How regular expressions are implemented in ClickHouse?

Shiv Iyer
Posted on January 22, 2023

How regular expressions are implemented in ClickHouse?


In ClickHouse, regular expressions are implemented using the match function and the like operator.

  1. The match function is used to check if a string matches a specified regular expression. The syntax for the function is as follows: match(string, pattern). The string argument is the string that you want to check, and the pattern argument is the regular expression that you want to match against. The function returns 1 if the string matches the pattern, and 0 if it does not.
  2. The like operator is used to check if a string matches a specified wildcard pattern. The syntax for the operator is as follows: string like pattern. The string argument is the string that you want to check, and the pattern argument is the wildcard pattern that you want to match against.
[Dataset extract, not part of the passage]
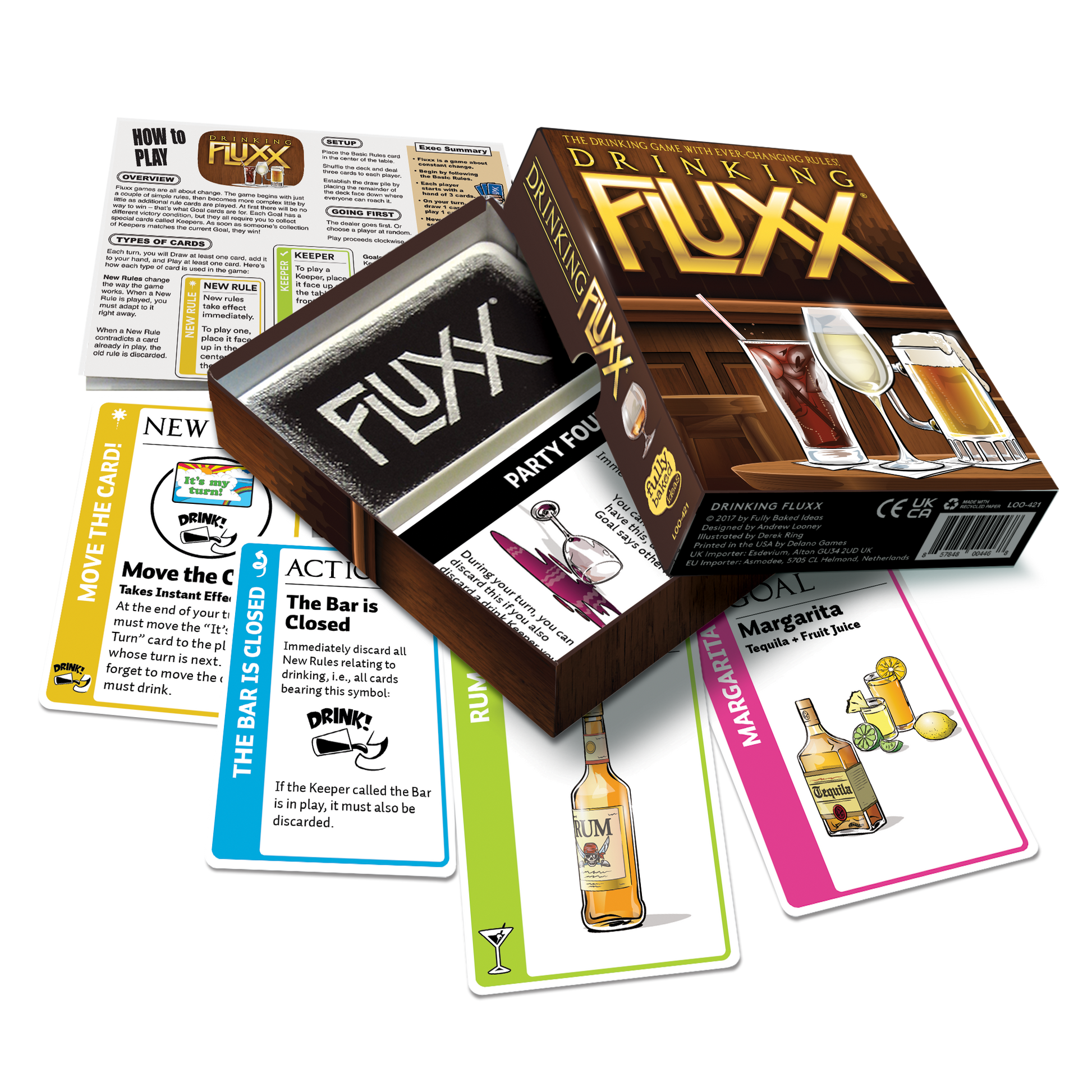 Fluxx turned 21, and we celebrated by publishing Drinking Fluxx! With rules that are always changing, Drinking Fluxx will keep you on your toes and shake up any adult party. You've never played a drinking game like this before! It's fun, it's unpredictable, and its plastic cards are spill proof! Drinking Fluxx is published under our adult games imprint, Fully Baked Ideas, and will not be listed in the Looney Labs family games catalog. Players: 2-6 players | Ages: Adults only

The operator returns 1 if the string matches the pattern, and 0 if it does not.

ClickHouse supports a broad set of regular expressions features, including:

  • Character classes
  • Alternation
  • Anchors
  • Quantifiers
  • Backreferences
  • Lookarounds
  • Named groups

You can use these features to match and extract specific information from a dataset.
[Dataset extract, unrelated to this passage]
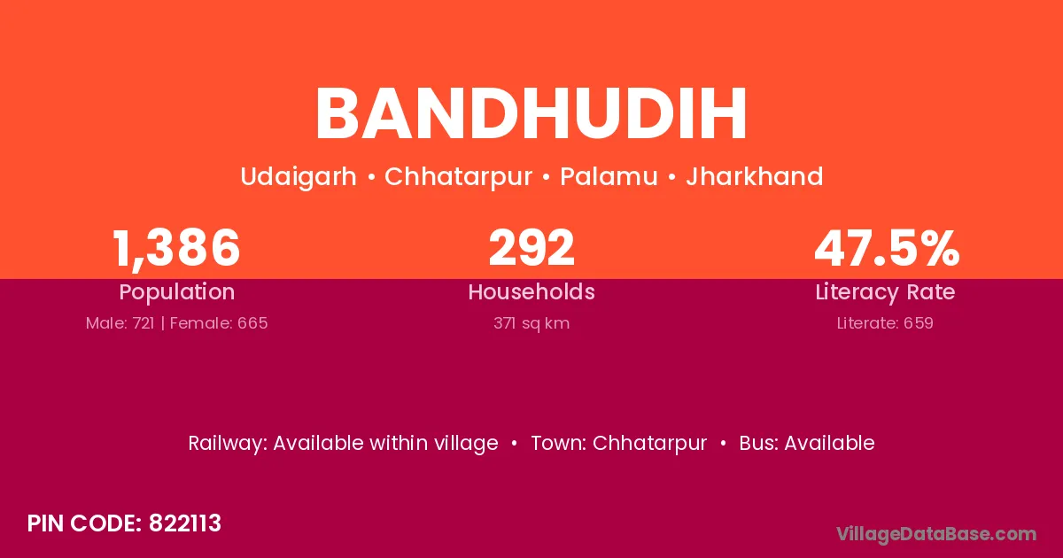 Bandhudih village has a total population of 1,386 people, of which 721 are males and 665 are females.

Here’s an example of how to use the match function and the like operator in ClickHouse:

-- Check if a string matches a regular expression
SELECT match('abcde', 'abc(de|d)'); -- returns 1

-- Check if a string matches a wildcard pattern
SELECT 'abcde' like 'a%e'; -- returns 1

It’s important to note that the performance of the match function and the like operator can be impacted by the complexity of the regular expression and the size of the dataset. It’s recommended that you test the performance of your regular expressions on a representative sample of your data before using them in a production environment.